Regarding the plots, you must first understand that GMT works a bit differently from the other plotting packages (but, don’t they always do among each other?). In GMT, the plotting command adds a layer to the PostScript file. This means we never have the entire plot in memory but that we keep adding layers at need. We only display the figure when it’s finalized, and we do that by using the option show=true. The intermediate layers are added by using the ! notation. i.e.
plot(...); plot!(...); plot!(..., show=true)
since you didn’t provided the show option there is nothing to be … shown.

I tried that shapefile and there is something wrong somewhere (likely in the GMT.jl side) when I try to plot it all because many polygons are not shown, but it worked nicely whem imposing a map limit

countymap = gmtread("cb_2018_us_county_5m/cb_2018_us_county_5m.shp");
plot(countymap, region=(-125,-65,20,50), proj=:guess, show=true)
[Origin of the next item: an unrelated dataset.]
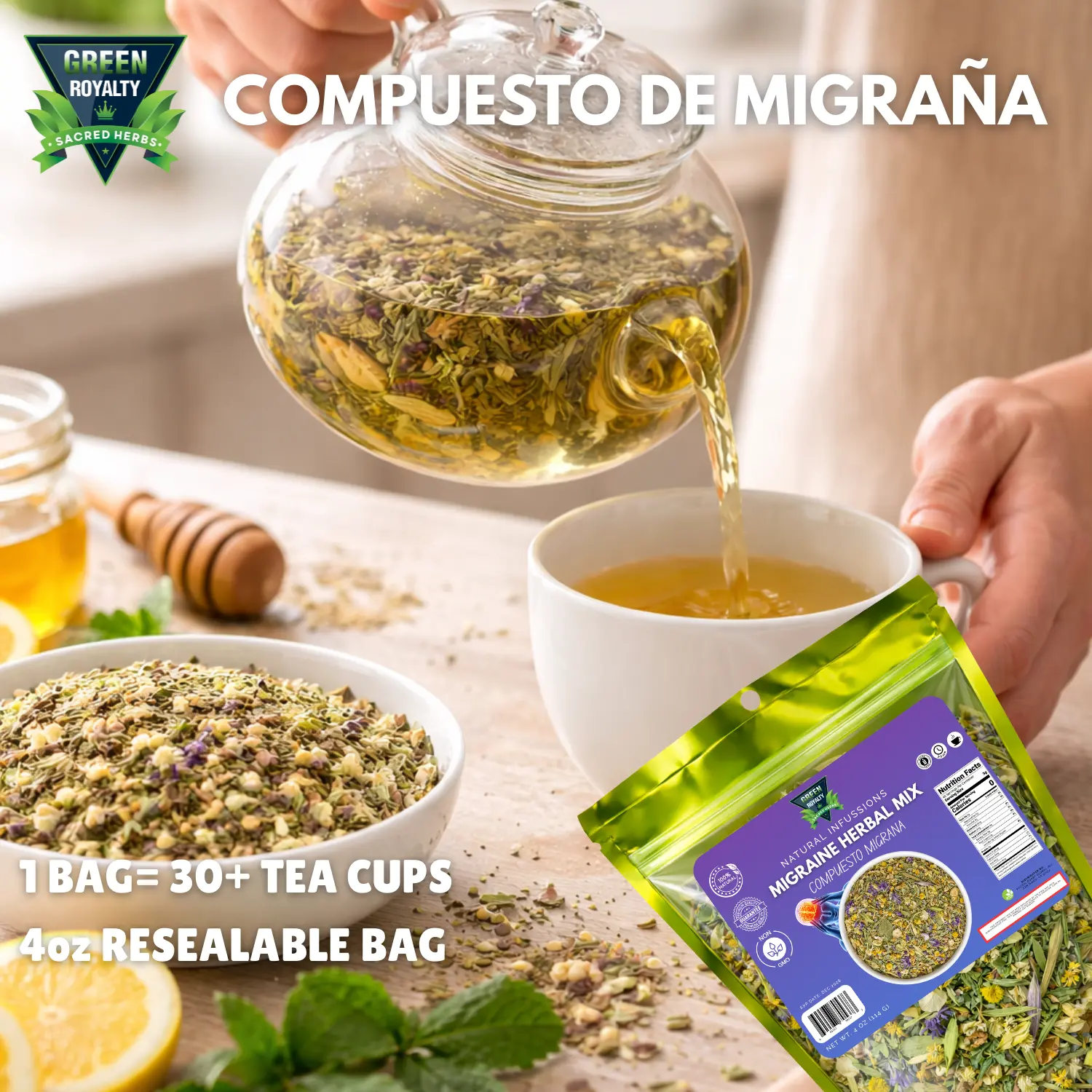 Discover the Green Royalty Herbal Mix Migraine Medicinal Tea, a delightful blend designed to help alleviate migraine pain. This herbal tea is crafted to provide effective relief for those suffering from migraines. 🌿

And if you want to follow that example with the Portuguese COVID map, I have to say that I should have updated it while I remembered better how to. Since then an attribute field has been added to the GMTdataset type and the function make_zvals_vec() was greatly improved to allow fetching polygons by attribute fields.

2 Likes

Great. Thanks for this help. I’d be interested in adding a GMT related tutorial to my archive of data analysis tutorials, both so I can learn more about mapping with GMT, and so others can benefit. Would you be interested in collaborating on that?

2 Likes

Well, yes. Tutorials and examples is a lagging area in GMT.jl

1 Like

Well, yes. Tutorials and examples is a lagging area in GMT.jl

Yes please. GMT and GMT.jl are great tools for mapping, but I do find them very complex. I know you can really do amazing plots and analysis with them, but as a novice they feel overwhelming. I’ve used them, would love to learn more, and tutorials would be a great tool for that.

1 Like

Great, I’ll PM you, and anyone who wants an invite to the discussion PM me and I’ll add you to the discussion. @alejandromerchan do you want to be on that PM?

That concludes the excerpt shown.